Non-stick frying pans, flame-retardant sofas and shirts that hide sweat typify everyday products that pour chemicals into a toxic cocktail, quietly building up in humans and wildlife.
And with new ones coming into use faster than dangerous ones are banned, and few facts about the harm they cause, scientists are in the dark over what does most damage.
That’s the alarming message world-leading ecotoxicologist Professor John Sumpter gave the House of Commons Environmental Audit Committee as it started its inquiry into toxic chemicals in daily life.
“There’s a huge number of chemicals in use,” said Prof Sumpter, based at Brunel University London. “Most of them are in the environment and most of them are in you and me.

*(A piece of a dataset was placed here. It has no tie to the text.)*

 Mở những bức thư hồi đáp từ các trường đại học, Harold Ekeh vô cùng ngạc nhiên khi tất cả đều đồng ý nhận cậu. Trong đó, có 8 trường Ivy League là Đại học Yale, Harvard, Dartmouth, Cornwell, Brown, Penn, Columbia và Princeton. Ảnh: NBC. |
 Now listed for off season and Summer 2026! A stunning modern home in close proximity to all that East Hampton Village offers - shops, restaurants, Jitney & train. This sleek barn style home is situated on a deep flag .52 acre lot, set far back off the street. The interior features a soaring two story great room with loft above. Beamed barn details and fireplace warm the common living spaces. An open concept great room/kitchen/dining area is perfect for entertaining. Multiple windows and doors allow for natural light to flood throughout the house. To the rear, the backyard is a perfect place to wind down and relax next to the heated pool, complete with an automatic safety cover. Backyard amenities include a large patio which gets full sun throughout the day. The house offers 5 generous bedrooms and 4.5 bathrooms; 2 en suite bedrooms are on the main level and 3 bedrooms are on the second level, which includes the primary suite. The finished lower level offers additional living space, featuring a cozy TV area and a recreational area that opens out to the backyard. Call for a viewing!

“And we are still putting into the environment large numbers of pretty much unidentified, highly persistent chemicals, which makes it impossible to say which we should be most concerned about. I wish I could.”
The inquiry will look at how toxic chemicals in everyday items – such as furniture, food, clothes and toys – affect the environment and human health. These include flame retardants and polychlorinated biphenyls (PCBs), which take years to break down. It will ask if the Government’s 25 Year Environment Plan, which pledges to cut harmful chemical levels in soil and rivers, is enough to protect people and the environment.

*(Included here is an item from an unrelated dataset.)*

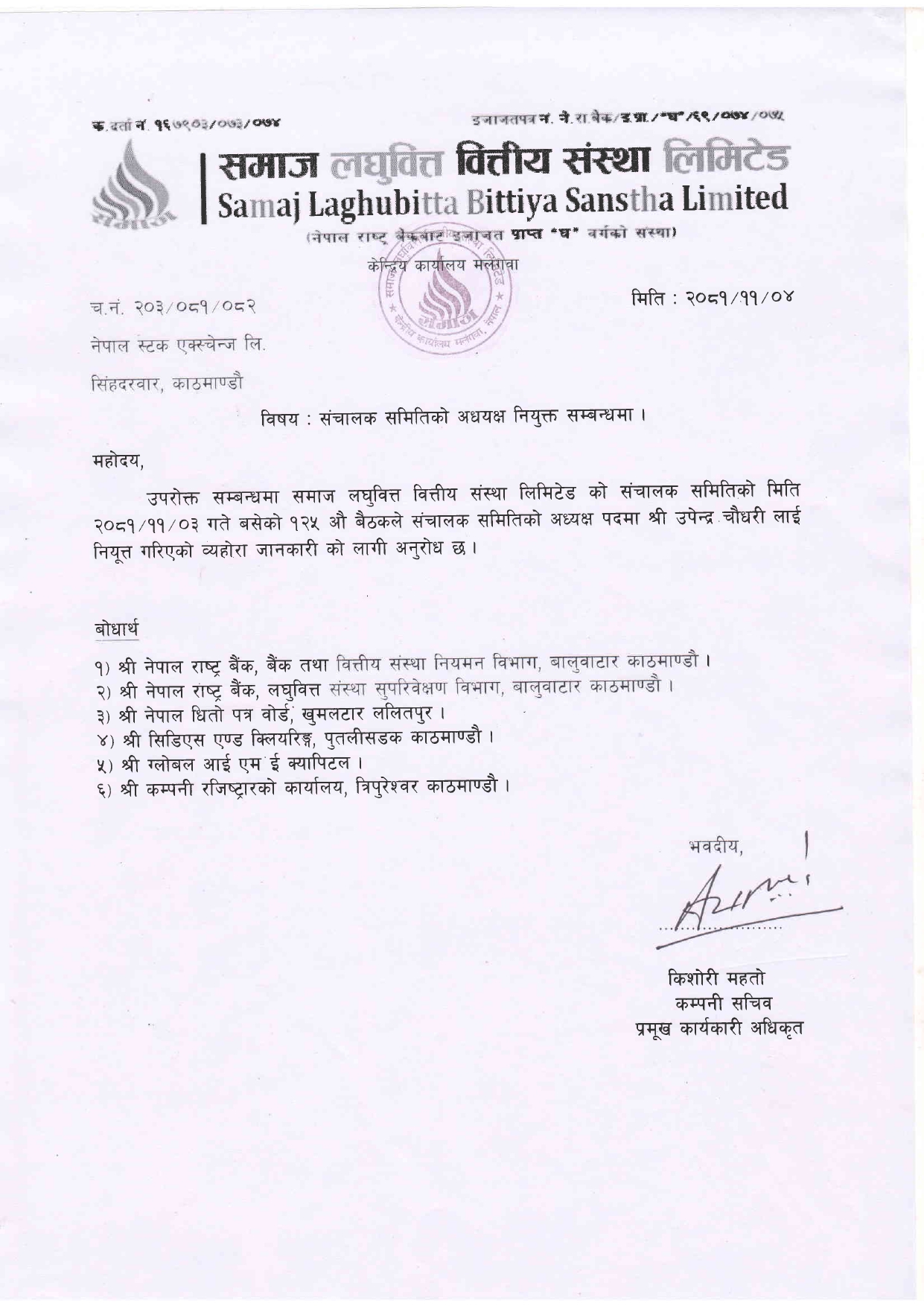काठमाडौं । समाज लघुवित्त वित्तीय संस्थाको अध्यक्षमा उपेन्द्र चौधरी नियुक्त भएका छन् । कम्पनीको सञ्चालक समितिको फागुन ३ गते बसेको बैठकले उनलाई सञ्चालक समितिको अध्यक्ष पदमा नियुक्त गर्ने निर्णय गरेको हो । यसअघिकी अध्यक्ष सन्तोषी महतोले माघ २५ गते घरायसी कारण देखाई अध्यक्ष पदबाट दिएको राजिनामा कम्पनीको फागुन २ गते बसेको सञ्चालक समितिले स्वीकृत गरेको हो ।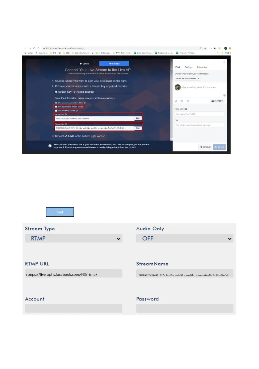 “Stream Key” that are copied from the Facebook streaming page into the “RTMP

Speaking at its recent launch, Prof Sumpter dubbed the plan ‘extremely aspirational’ and lacking in detail. Europe has some of the world’s strongest chemical regulations, he noted, saying he doubts the UK has the expertise to replace them.

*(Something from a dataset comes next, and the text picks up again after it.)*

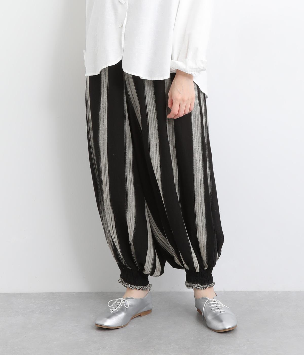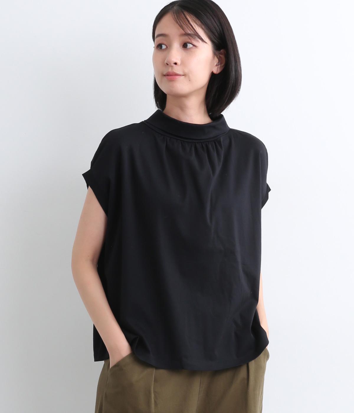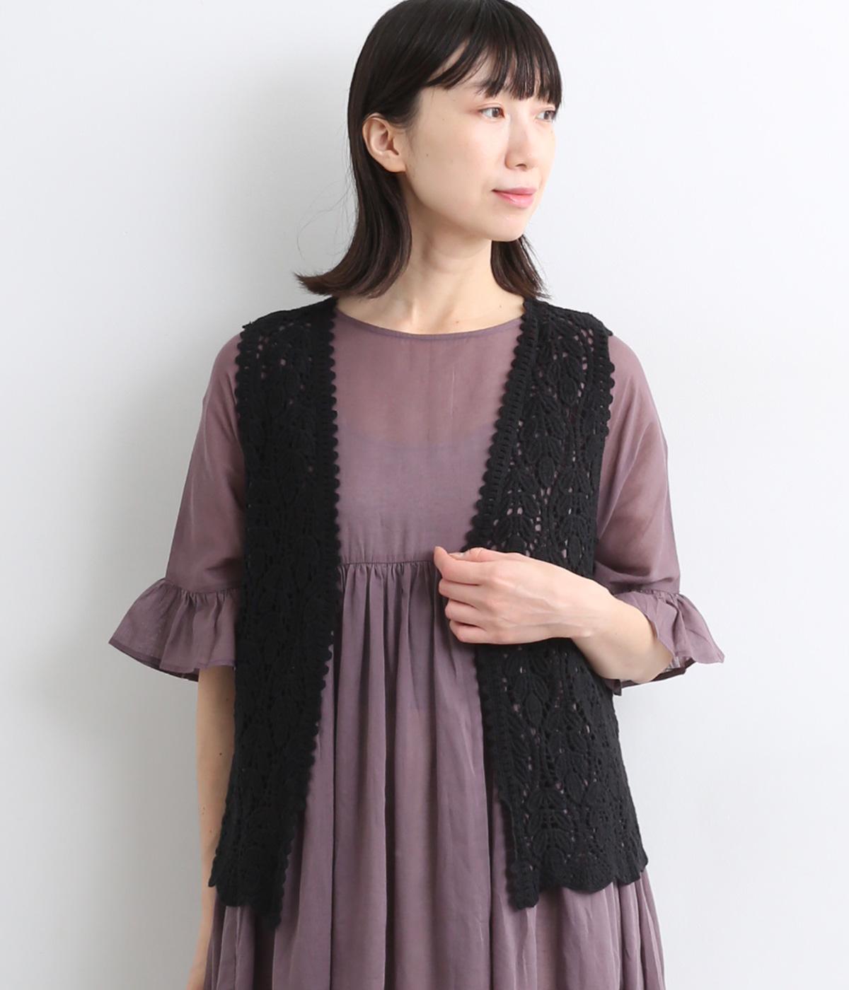 フレンチリネンキャンバスウエスト切替ギャザーベストブラック

Amid moves to regulate toxins now known as harmful, such as PCBs in electrical items and the Teflon that coats non-stick cookware, and as hormone-disrupting parabens fade from use in shampoos, new ones appear at a vast rate, said Prof Sumpter. “The number of chemicals piling up is much greater than the ones we are managing to test.
“There is not a hope in hell that we would be able to predict what a chemical might do if you or I have very low concentration and pass it on to our offspring.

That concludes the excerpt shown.